Gordon Vayo Sues PokerStars Over Frozen $690K SCOOP Win

Updated: May 14th, 2018 by Dev Ops

Prominent American poker pro Gordon Vayo has filed suit against global online poker market leader PokerStars over more than $690,000 in frozen winning from Vayo’s triumph in a 2017 SCOOP (Spring Championship of Online Poker) event. The lawsuit promises to center on the use of VPN (Virtual Private Network) connections, with open questions existing as to whether Vayo has used such a hookup — through which a player’s physical location is often disguised — when playing from otherwise banned jurisdictions.

PokerStars does not allow players to participate from within the United States, though many, many hundreds of American online players have been allowed to “reflag” themselves by setting up temporary work residences in other countries. According to the complaint, Vayo has established two such international residences in the years since 2011’s United States “Black Friday” crackdown, one each in Canada and Mexico.

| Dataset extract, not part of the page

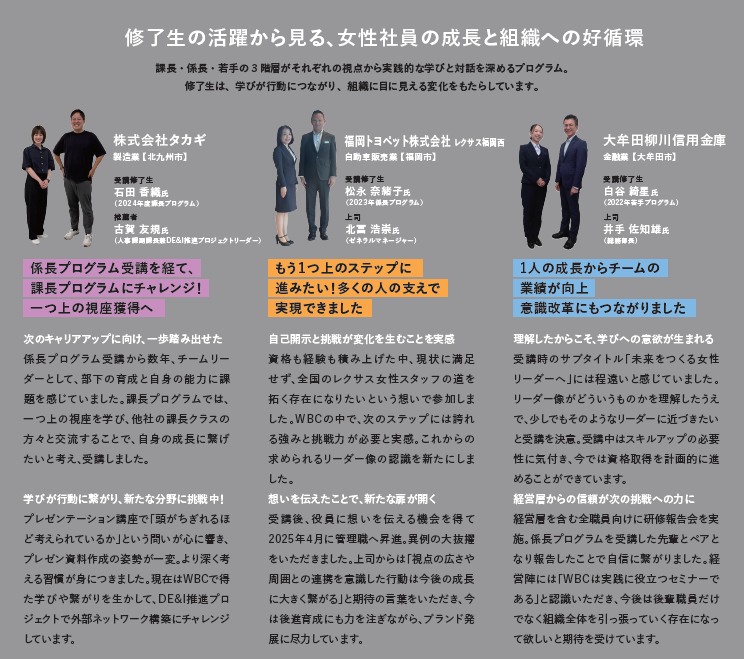 交流会ではWBC修了生を迎え、修了後の成長イメージを確立し、受講意欲を後押しします。

Vayo’s lawsuit asserts that he was in Canada during the 2017 SCOOP event, which he won after a four-way, final-table chop. However, in a matter of seeming relevance to the case, Vayo filed the lawsuit in his US state of residence, California, thus to emphasize the suit’s claim that PokerStars has conducted a pattern of fraudulent inducement enticing high-profile, wealthy American players, only to force them to provide physical proof of non-US presence after they’ve made a major score on the site.

The lawsuit claims eight separate causes of action against the IOM-incorporated parent shell of PokerStars, Rational Entertainment Enterprises Limited (REEL). The suit claims damages under these alleged torts:

Fraud and deceit;
False advertising (under provisions of the US’s Lanham Act);
False advertising (under separate provisions of California’s civil codes);
Violation of right of publicity;
Unfair competition;
Breach of written contract;
Money had and received (similar to unjust enrichment);
Promissory estoppel.

The false-advertising claim under the US’s Lanham Act provisions allows for trebled damges to be awarded. Others of the claims allow for additional punitive damages, which in addition to attorney fees, court costs, and interest could swell the basic $692,400 claim to something approaching $3 million, if PokerStars was found liable on all claims.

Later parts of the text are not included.